Super SweetKandi is actually a very talented singer and songwriter, with the Grammys to prove it. But her new album B.L.O.G., supposedly due to release on November 10, is nonexistent on Amazon and iTunes. The delay could be due to the untimely passing of her ex-fiance, but it still seems like the publicity from the show would have given her a boost. It certainly worked for housewives of the other cities.

 

 

Choo Choo!Kim is the biggest trainwreck of all time, and she would be no matter what show she was on (in fact, she even crashed and burned on Are You Hot in 2003). I don't recommend investing in her wig company.

 

 

 

Aside from their failed projects, information always seems to surface that makes one doubt whether the Atlanta housewives were ever that rich to begin with.

Is Bravo just giving the people what they want? The appeal for viewers has never been to watch wealthy people succeed and be happy, but to watch them think they're better then us and then go act ridiculous. It's just that in wealthier groups of housewives, the failures are always social. (Being too late to a party, getting too drunk at a party, chewing your friends out at a party, etc.) In Atlanta, the social drama is often overshadowed by the real-life financial woes of the cast

So, I just have to ask: Why are the black housewives the ones who can't make their house payments?

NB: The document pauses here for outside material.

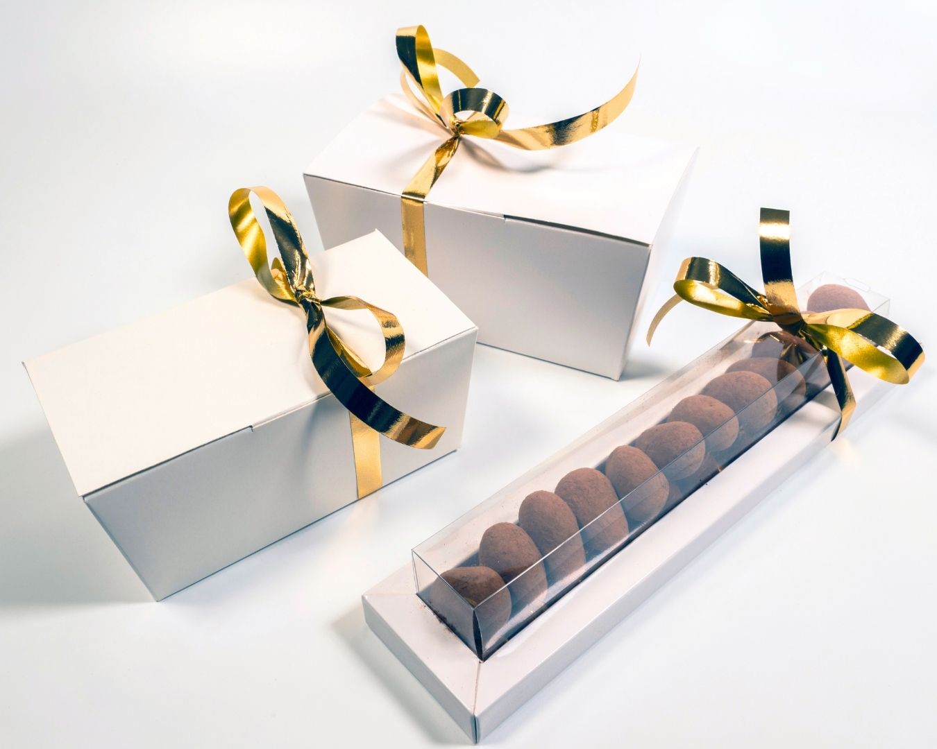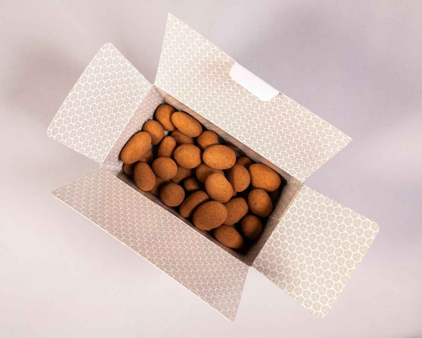 Ametlles caramel·litzades recobertes de xocolata blanca i empolsades amb cacau.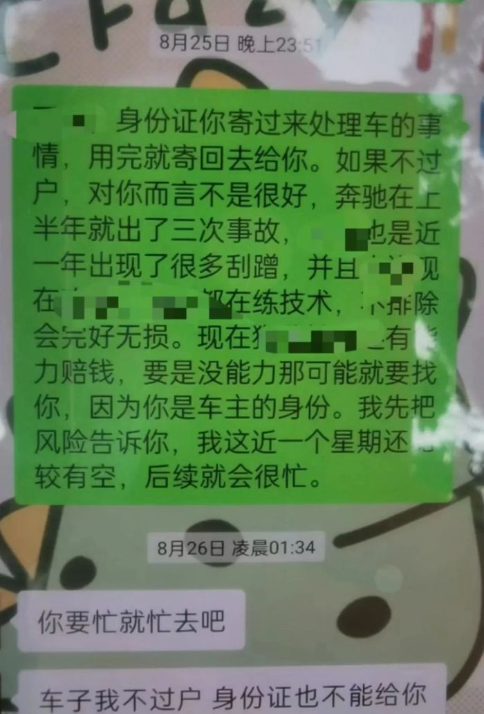 8月25日晚上,毛女士再次尝试联系何某某。8月26日凌晨,何某某回复她称:“你要忙就忙去吧,车子我不过户,身份证也不能给你。”

Did the show's producers pass over more successful Atlanta residents in favor of a cast that would be more volatile (meaning trashier), and then fabricate their wealth to justify the casting? Is there a racism of lowered expectations at play when it comes to black women's success?

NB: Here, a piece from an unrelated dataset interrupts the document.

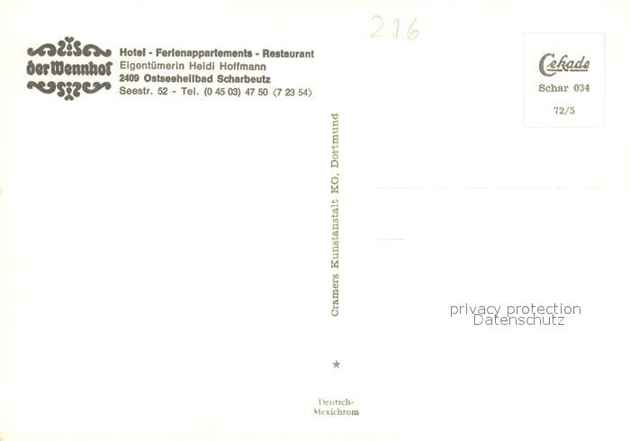 73569559 Scharbeutz Ostseebad Hotel Ferienappartements Restaurant Der Wennhof postalisch nicht gelaufen Erhaltung siehe scans [WerneD78] KatCode: 11110001055044

Or can we find inspiration in what they've overcome and applaud them for being daring entrepreneurs? After all, NeNe survived an abusive relationship and worked as a stripper to support her son. Lisa lost custody of her children to an abusive ex-husband. Sheree had a child at age 15.  All three of them keep working to achieve the life they want. (Well, Sheree doesn't work so much as collect alimony and tell people what to do. But still.)

Even if Atlanta's "real housewives" aren't making it in the upper crust, I love some of them and love to hate others. It's honestly one of my favorite shows. But I can't help it -- I want all the black housewives to be able to pay their bills too.